Elisha is a recent graduate of Adler University in Chicago, earning her Master of Arts (M.A.) in Counseling: Art Therapy. She is currently a Licensed Eligible LPC (Licensed Professional Counselor) & Provisional Eligible ATR (Registered Art Therapist). Her particular interests in the field include Medical Art Therapy, Oncology/Terminal Illness, Stroke/Rehabilitation, Grief and Bereavement, Multicultural Identity Development, and Family Counseling.
As an active advocate of mental health, particularly the benefits of the expressive art therapies, Elisha has spoken at several Ignite Talk Chicago events about reframing the stigmas related to mental health and has hosted several art-focused self-care workshops with the American Institute of Graphic Arts-Chicago and Creative Women’s Co. She joined the Asian Mental Health Collective in 2020 to open up the Chicago Chapter to provide roundtable discussions concerning the stigmas of mental health within the Asian community.
When she’s not advocating for the importance of a multiculturally-informed approach to counseling, Elisha is busily training at the dance studio or traveling to complete an art bucket list: see each city’s art museum at least once.

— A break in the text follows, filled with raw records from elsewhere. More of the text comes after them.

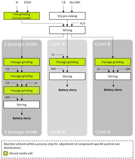 For the following investigations on coating suspension production with a continuously operated stirred media mill, these parameters were used, and two process variants were investigated, in which the graphite was added before (Conti-A) and after the continuous passage (Conti-B) through the stirred media mill. In order to obtain an overview of the investigated processes used for the production of the battery slurry in a stirred media mill, the schematic summary of the process strategies in
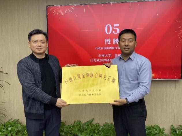 熊樟林副院长和沙永春主任共同进行“行政合规案例联合研究基地”授牌仪式,未来将通过学术和实际案例的结合,构建更加全面务实的法学知识体系,为东大法学的学生未来就业奠定更加坚实的基础。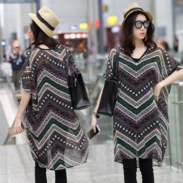 200斤胖MM寬松大碼女裝民族風(fēng)印花雪紡兩件套連衣裙女 /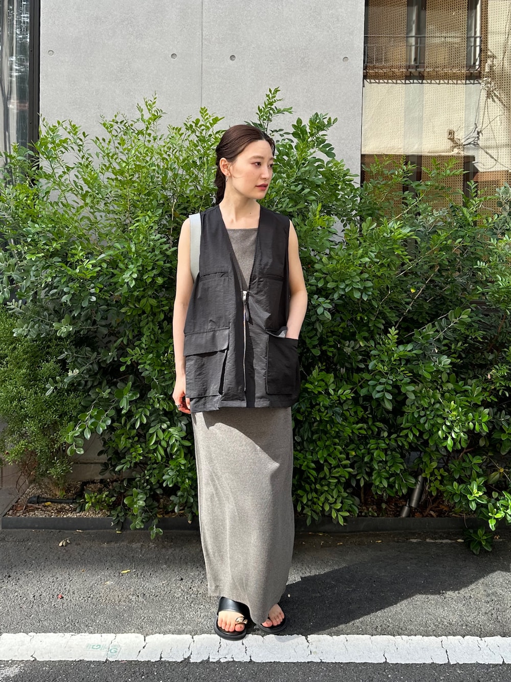 シンプルなキャミソールにもベストを合わせれば飽きずに着回せます👍🏻⟡.·

- What drew you to the field of art therapy?
- What drives your current work?
- Where do you see the field going?
- What impact is needed to effect changes regarding DEI within the field of art therapy?
Having witnessed the benefits for residents at a homeless shelter from teaching an hour-long art class, I was pulled into how much imagination and creating with your hands could release stress, especially in situations that felt like it was out of your control. For the simple hour, I witnessed the camaraderie and human connections between each resident as they painted. Art brought out a liveliness in the group. It was as if their worries of how to get back out independent in the world outside of the shelter were entirely non-existent. They stayed present with each other at the moment. This was where my intrigue for how art can be healing first started.

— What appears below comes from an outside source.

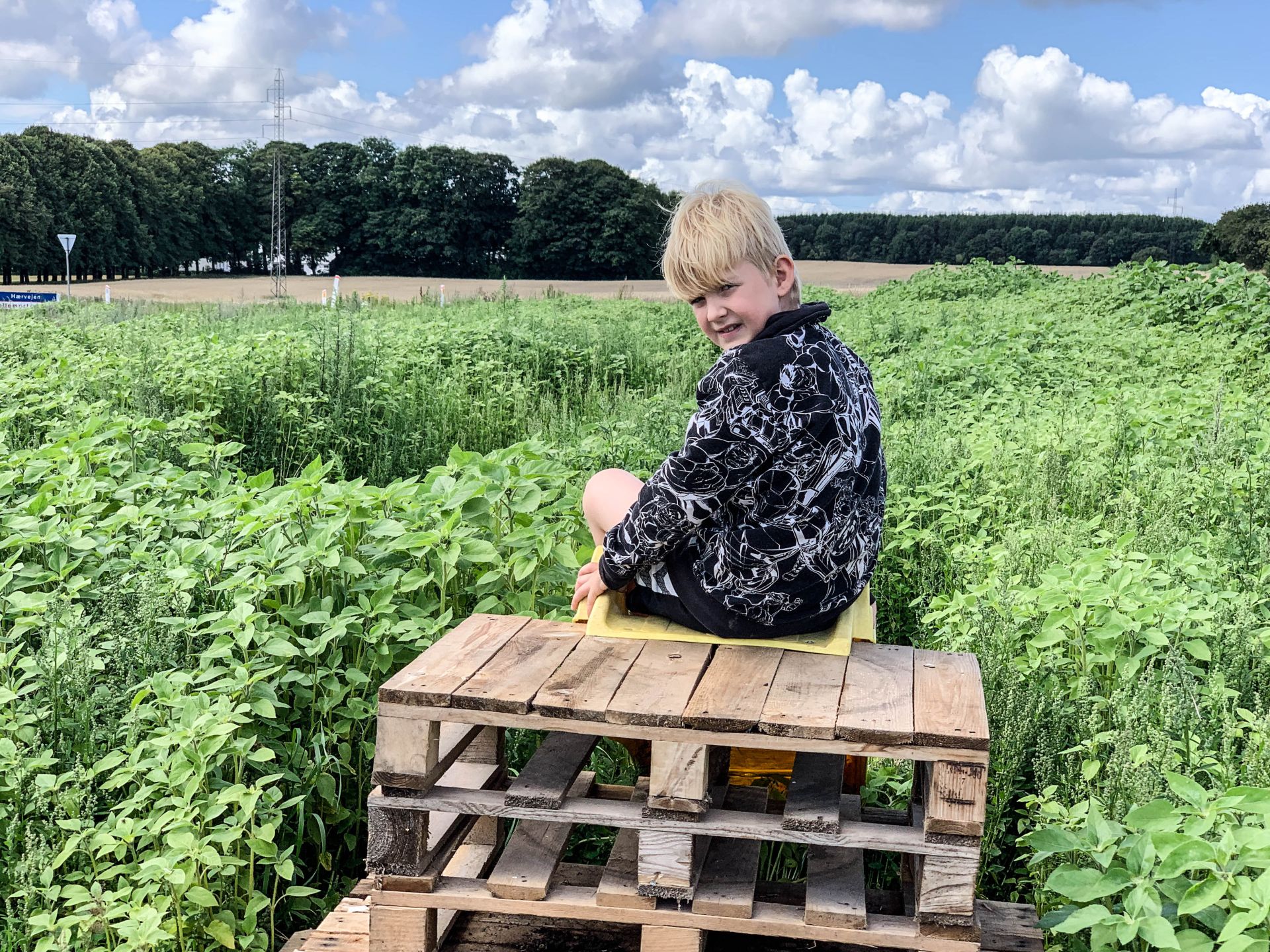 Grundet de usle vejrforhold med en lang tørkemåned uden regn, er solsikkerne ikke kommet helt op i gear endnu – de største solsikker er cirka på højde med Lauge, altså omkring 130 centimeter. Så medmindre man er under en meters penge, så skal man nok kunne finde sikkert rundt i labyrinten – og de mange blindgyder, som børnene har fået puttet ind i den.

There is a need for more research on specific Asian diaspora, especially within the Filipino culture, to better inform clinical practices and inform alternative interventions, such as expressive arts therapy. There is already a stigma on mental health within the Asian collective, and the outlook on art itself is also not favorable. This has to do with the years of shaping what jobs and ways of living are ideal, and the expressive arts is not one of them. I want to continue exploring how to turn the perception around with art and mental health simultaneously within the Asian collective and fine-tune already westernized perspectives/theoretical approaches/techniques to be much more attuned to a specific population. The current research is very generalized and perpetuates the Asian Monolith perception that all Asians look/think/behavior the same, which is entirely false. There is a strong need for more research and advocacy for this population to create impactful mental health services.
I see the field continuing to grow, in baby steps, with a better understanding of how art is perceived in other cultures and how to finesse art interventions specific to the client. I see the field developing new art assessments, especially regarding the overload of trauma and grief we have all as a collective endured throughout the pandemic. I see an excellent opportunity for the field and its leaders to advocate what art therapy can be for everyone and have it evolve into a technique other mental health settings and the medical field can look into to provide an enhanced level of patient care.

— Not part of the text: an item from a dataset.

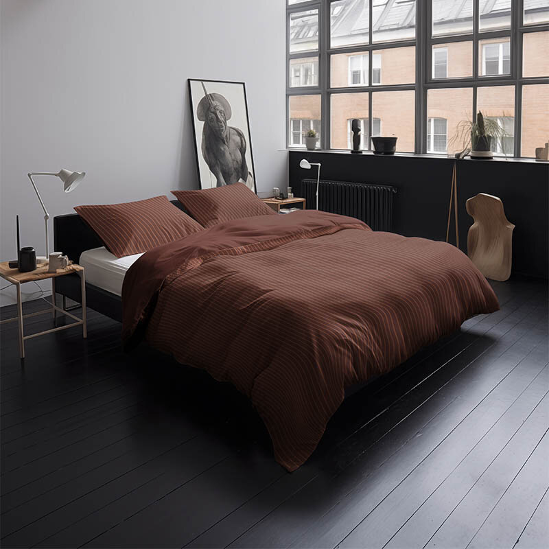 Het ontwerp van Terracotta Stripe kenmerkt zich door een stijlvol gestreept patroon in diepe terracottatinten. Deze warme kleuren brengen een rustgevende sfeer in je slaapkamer en passen perfect bij zowel moderne als klassieke interieurs.

Everybody needs to do their part in checking their biases and unlearning things that are harmful to other cultures. We need to take accountability that we are victims of systemic racism and understand that it’s up to us to continue to rise above and learn about other cultures. We need to make our art materials more representative, such as different skin-toned crayons, and adaptive so those with physical or cognitive impairments are treated equally in art-making. We can’t only respond to becoming more inclusive and diverse in our practices only when tragedy strikes again with colored communities affected by police brutality, etc.